Я заметил, что плечи малого мелко затряслись, и наклонился немного вперед, чтобы увидеть, в чем дело. Тот беззвучно плакал («фуфлыжник», казалось, совершенно позабыл о его существовании). Да я и сам уже был на взводе. Перевел взгляд на входную дверь, всерьез подумывая, удастся ли сбежать, а потом… а что потом? Меня быстро поймают и приволокут обратно, чтобы все равно заставить сдать эти ужасные анализы, только уже силой. Такие сцены я видел многократно, особенно, когда кто-нибудь трусил дать себе проткнуть иглой вену. Я тоже, помнится, вопил и метался, как сумасшедший, бился в руках, но только поначалу – затем привык. Практика и опыт великое дело, знаете ли.

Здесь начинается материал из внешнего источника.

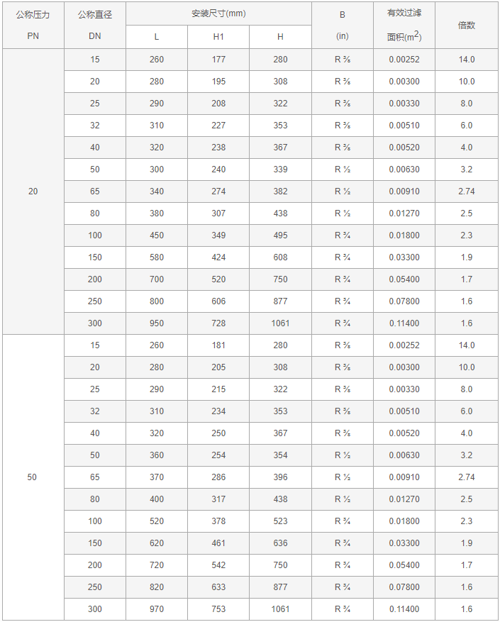 焊接Y型過濾器性能規(guī)范表:
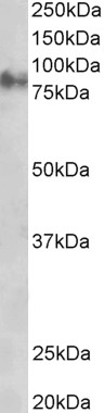 Approx 80kDa band observed in lysates of cell lines A431 and NIH3T3 and in Rat Eye lysates (calculated MW of 81.7kDa according to Human NP_002221.1 and Mouse NP_034723.1). Recommended concentration: 0.1-0.3µg/ml.
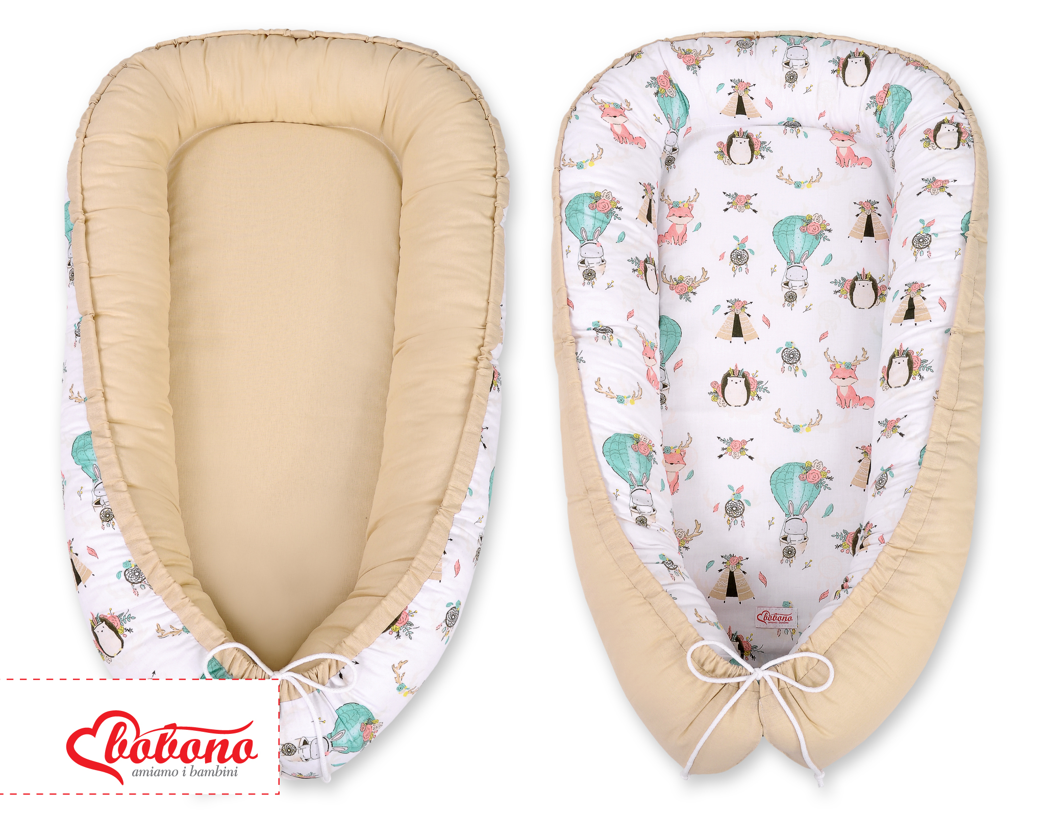 Baby Shop » Bedding sets for cots and beds » Collection FUN & JOY » Baby nest » Doublesided Babynest- foxes beige/beige
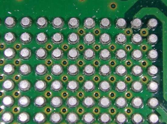 (圖3. BGA使用焊球網(wǎng)格將電信號(hào)傳導(dǎo)至PCB或從PCB傳導(dǎo)電信號(hào))
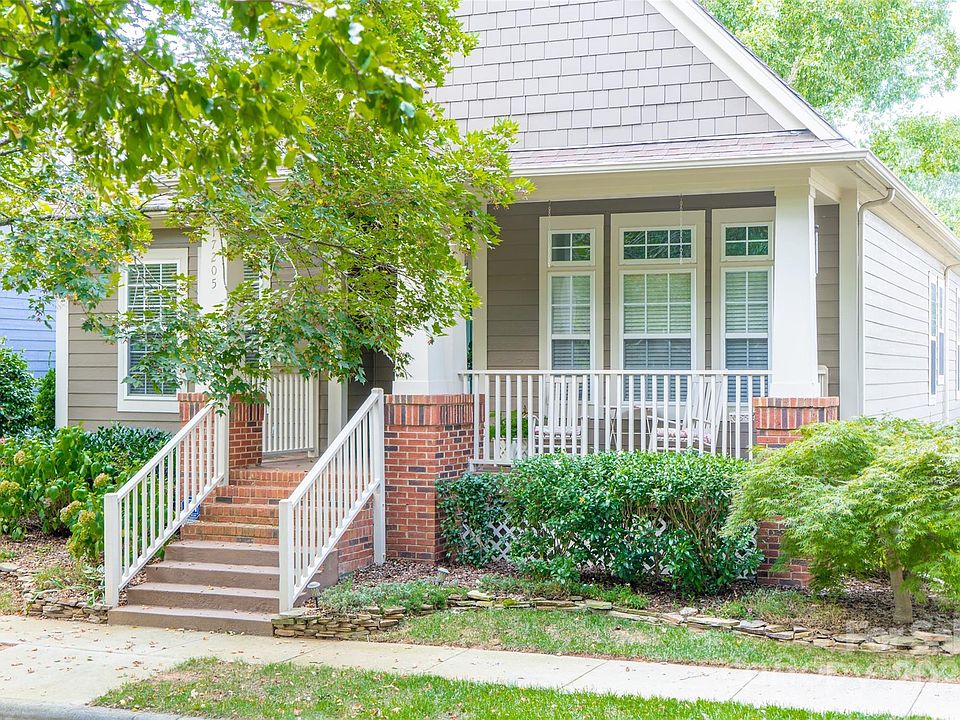 Welcome home to effortless, one-floor living in the heart of it all! This charming 3-bedroom, 2-bathroom ranch is perfectly positioned on a quiet street, offering the best of both worlds: it's just steps away from the bustling energy of Birkdale Village, while the neighborhood park sits right outside your front door. Imagine sipping morning coffee from your front porch with a serene view of green space and enjoying lazy afternoons where adventure is always within reach. Inside, you’ll be greeted by an open floor plan where high ceilings create an airy, expansive feel. Hardwood floors flow throughout much of the main living area, blending elegance with easy maintenance. The single-level layout is ideal for both daily living and entertaining, offering convenience and comfort at every turn. Step outside to a fully fenced backyard with a patio, perfect for grilling, gardening, or simply unwinding in your own peaceful oasis. The detached two-car garage provides ample space for vehicles, hobbies, and storage. The true magic of this location? You can trade driving for strolling! Leave your car behind and walk to Birkdale Village’s fantastic shopping, dining, and year-round events. Catch a movie, savor a delicious dinner, or enjoy a Friday night concert—all without ever worrying about parking. Don’t miss your chance to own a home that perfectly blends peaceful, single-level living with a vibrant, walkable lifestyle. Come see it before it’s gone!
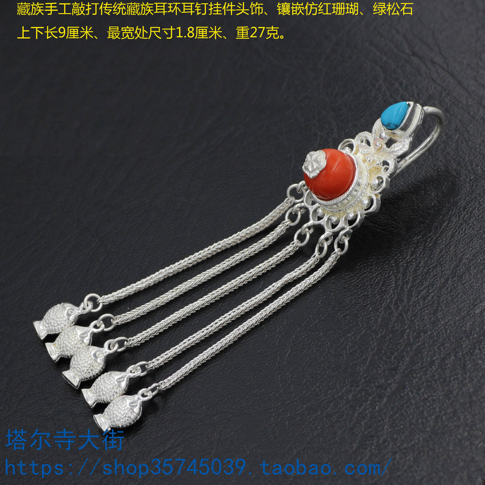 Hidden pure silver earring ear needle handmade with inlaid emulated jewel earrings Tibetan ornament not to back

Я решил тем временем осмотреться, а малый по правую руку «фуфлыжника» начал уже слышно подвывать.

– Пускай идет первый, – шепнул, наклонившись ко мне, жертва мозговой пробы (может, у него и впрямь когда-то хотели взять да обнаружили, что кто-то все повыскребал раньше). Я согласно кивнул.

Коридор, где мы сидели в жестких деревянных креслах, сколоченных в ряд с помощью доски, как в старых дешевых кинотеатрах, – существовал до некоторой степени условно. Основное помещение в действительности было одно, уставленное ширмами и перегородками разной высоты с натянутой между стойками белой материей: слева от нас громоздились давно знакомый мне аппарат УФО для кварцевого прогревания дыхательных путей, похожий на пузатый самовар, и УВЧ – с длинными и многосуставчатыми, будто лапы гигантского паука, тэнами, оканчивающимися круглыми сменными «тарелками»; за спиной тянулись забранные белыми шторами кабинки для ультразвука, электрофореза и других процедур; а впереди – высилась наша ширма, откуда вот-вот было готово донестись приглашение войти.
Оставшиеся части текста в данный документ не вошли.